Appropriate Jailing and Bicycle Attitudes

Woman Jailed After Laughing Over Victim Technically the woman was already in jail awaiting sentence but that aside, I think her sentence was appropriate for what they charged her with. Personally I think she should have been charged with second degree murder given that she intentionally drove drunk knowing her license was suspended for a previous DUI. Had she been wielding a hand held weapon of some sort, she probably would have been charged with second degree murder, but too many people don’t view automobiles as weapons in such cases. Her added comment implying she was justified and has no remorse in hitting and killing an innocent man who was a “tree hugger, a bicyclist, a Frenchman and a gay guy all in one shot” is pathetic and shows how much of a scum bag she is. Yes it was her friend who said it, but it was she who thought it was appropriate after her friend recanted on his own words. The fact that she thinks she is justified in harming someone who appears to be different than her simply because they are different shows there is something wrong with her psychology and deserving of being locked up for whatever her mental malfunction is. She’s obviously too dangerous to be allowed into the population unsupervised.

Arizona Cycling Attitudes

Unfortunately her attitude towards bicyclists is far too common in Arizona in my experience. I started riding my bicycle to save money and get some exercise when attending College in Phoenix and continued the practice upon going to Embry-Riddle for a short time. I actually stopped riding my bicycle between ERAU (in Prescott, AZ) and my apartment because nearly every single day (and I do mean every) I received some harassment or threats by drivers in their cars. Said threats ranged from taunts to out right trying to hit me with their vehicles. The police? Didn’t care in the least. On the few occasions I did call them because I had actually ended up injured they implied it was my fault even though I was lawfully in the bike lane and observing all traffic laws. I even had witnesses who’d back me up on this, but some how the cops always ended up with the same thing: it was my fault and I should follow the traffic laws.

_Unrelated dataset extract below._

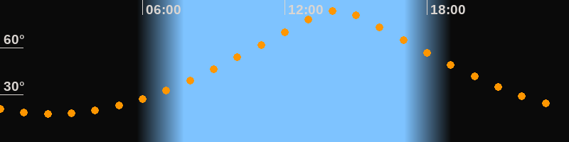 | Höchster Stand (Kulmination) | 14:10 Uhr (h = 83,6°) |

Add to this a friend of mine being intentionally driven off the road while riding in the bike lane and ending up with a broken hip. Cops said it was his faulty. Worse was the fact that witnesses simply left him laying there and left without so much as even calling an ambulance for him. He had to do it himself (being fortunate that his cell wasn’t destroyed in the accident). And then there was another associate (I can’t say friend since we only spoke on occasions while riding) who was actually killed. Nothing ever came of it except the police saying it was an accident and probably his fault.

Needless to say my opinion of the local cops went downhill from there. Let’s just say after that for the remainder of my time at ERAU, I flipped off any police officer I saw and called them what they were: hick donut eaters. Sure, it wasn’t very mature but neither is them ignoring criminal activity that cause serious injure and kill people.

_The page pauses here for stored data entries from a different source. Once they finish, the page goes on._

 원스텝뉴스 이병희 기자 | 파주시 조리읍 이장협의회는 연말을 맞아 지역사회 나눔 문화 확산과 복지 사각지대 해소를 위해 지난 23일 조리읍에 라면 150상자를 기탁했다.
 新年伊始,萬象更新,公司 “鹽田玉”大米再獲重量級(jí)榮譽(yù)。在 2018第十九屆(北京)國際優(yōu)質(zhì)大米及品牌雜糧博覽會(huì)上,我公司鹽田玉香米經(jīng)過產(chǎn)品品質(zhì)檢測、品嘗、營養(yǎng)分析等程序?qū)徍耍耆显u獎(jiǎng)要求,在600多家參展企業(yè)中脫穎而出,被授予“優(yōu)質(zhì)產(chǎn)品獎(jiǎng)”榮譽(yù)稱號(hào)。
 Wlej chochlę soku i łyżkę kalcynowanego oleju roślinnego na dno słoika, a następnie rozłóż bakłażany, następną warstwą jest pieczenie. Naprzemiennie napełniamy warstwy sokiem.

The good thing that came out of all this was the local cyclists got together and formed a club which started pressuring the city council for more protections for cyclists, pushed for greater awareness of traffic laws regarding cyclists rights to be on the road, greater numbers of safe cycling paths,  and more bicycle racks across the city. As this was also the height of the gas crunch in Arizona at the time, the club got a lot of support from people looking for ways to save money on gas and transportation as well as environmentalists and fitness advocates. I graduated and moved away before I saw much impact personally, but as I understand it the club is still active in it’s ongoing work.